Wednesday, December 9, 2015

The Spirit of Doom

12/9/2015—The underlying theme of the 2015 movie Tomorrowland is that we are succumbing to a mood of despair versus an earlier mood of hopefulness and that this change is itself making things worse. People in despair do not improve their situations.

This theme plays out both expressly and implicitly in the movie. In one exchange, the hero, Casey Newton, repeats to her father a story he has often told her:

Casey Newton: There are two wolves who are always fighting. One is darkness and despair. The other is light and hope. The question is... which wolf wins?
Eddie Newton: The one you feed.

In another scene, Casey is in high school. Three teachers, in a row, drone on. One is describing mutually assured destruction and the danger of nuclear weapons. Another is describing the dire effects of global warming. A third, dystopia in literature.

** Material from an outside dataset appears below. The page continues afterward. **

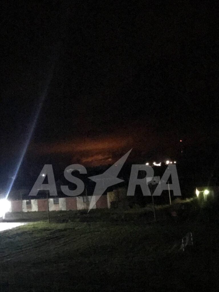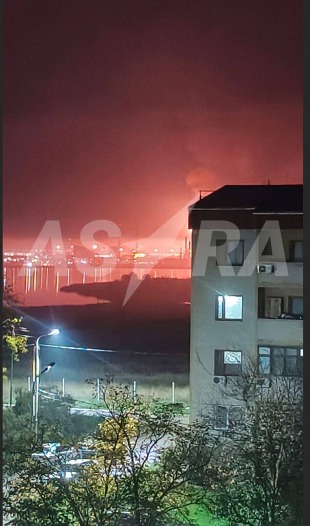 На обнародованных фото видно огненное зарево — вероятно, попадание по объекту инфраструктуры или складу горючего.

But, despite the dangers described, the students are bored stiff. They are tuned out. Why not? They are not being challenged to do anything. This is all just happening.

Meanwhile, Casey has her arm in the air, trying to ask a question. The first two teachers ignore her. The third finally calls on her. Casey asks, what are we doing to fix it? I mean, I know things are bad. But what can we do?

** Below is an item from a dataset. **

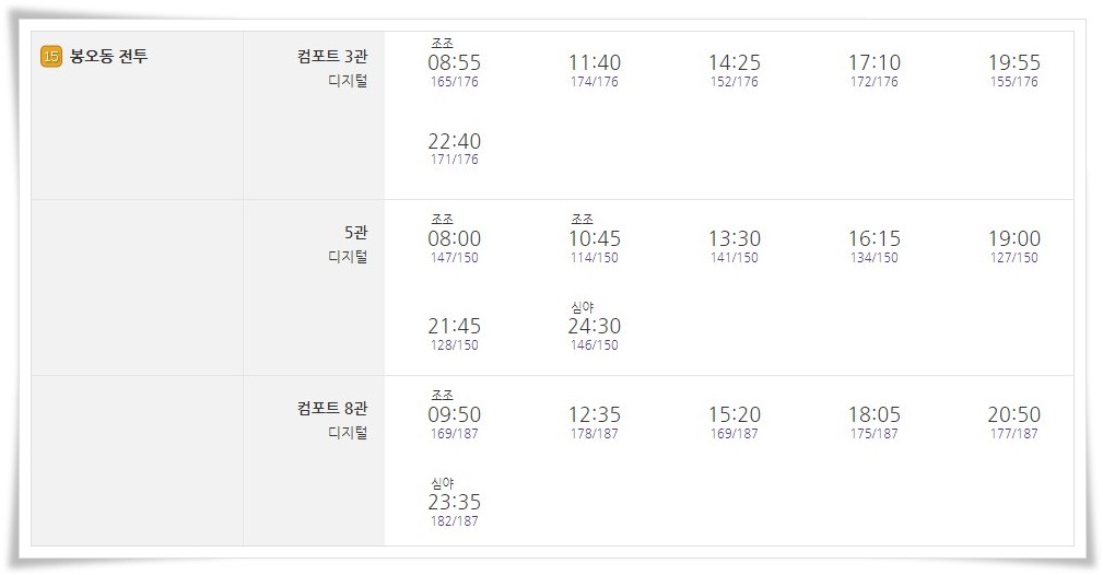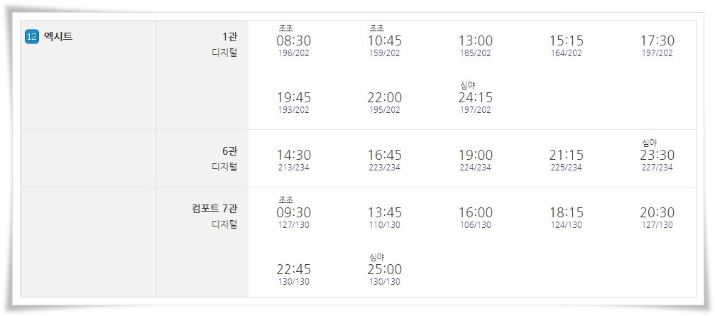 대전 메가박스 상영시간표를 보면 오늘 하루만 총 20번의 상영이 예정되어 있습니다.

The third teacher is just flummoxed by the question. Now the audience sees that the teachers are as bored as the students. For they also do not believe in the possibilities of the future.

Now think about America’s broken politics. How we hate each other. And call each other un-American. And say the other side ignores science—(by the way, liberals ignore science all the time. See genetically altered food.)

Wouldn’t it be crazy to believe that our politics could improve? What could possibly do that? So, we are infected by the spirit the movie is protesting.

Science fiction is often a harbinger of the future—as is art in general when it’s healthy. Science fiction gave us the Terminator movies and the Matrix movies, warning us against technology destroying the human quality of humanity.

Well, in the October 18, 2015 issue, Charles Yu reviewed six science fiction novels in the New York Times Book Review—my barometer of the elite—and this is what he wrote about them in general:

And although it is admittedly a small sample, after having visited this particular cross section of the fictional galaxy, it’s hard not to notice a prevailing atmospheric quality common to many of the stories: So much of this work feels as if it is post-something, pervaded by a sense of living and writing in an era that comes after, of fiction being produced by novelists who can’t help feeling that it’s getting late or, in some cases, that it’s too late. The emphasis here being on the post-, and less on the something, which is variable from writer to writer and from story to story. Sometimes the something is big and vague, and sometimes it’s more specifically defined.

It’s too late. It’s getting late. Like Tomorrowland, we are in deep trouble that we cannot get out of.

They always said that we would run out of resources one day. I never quite imagined that the major resource we would run out of, would be hope.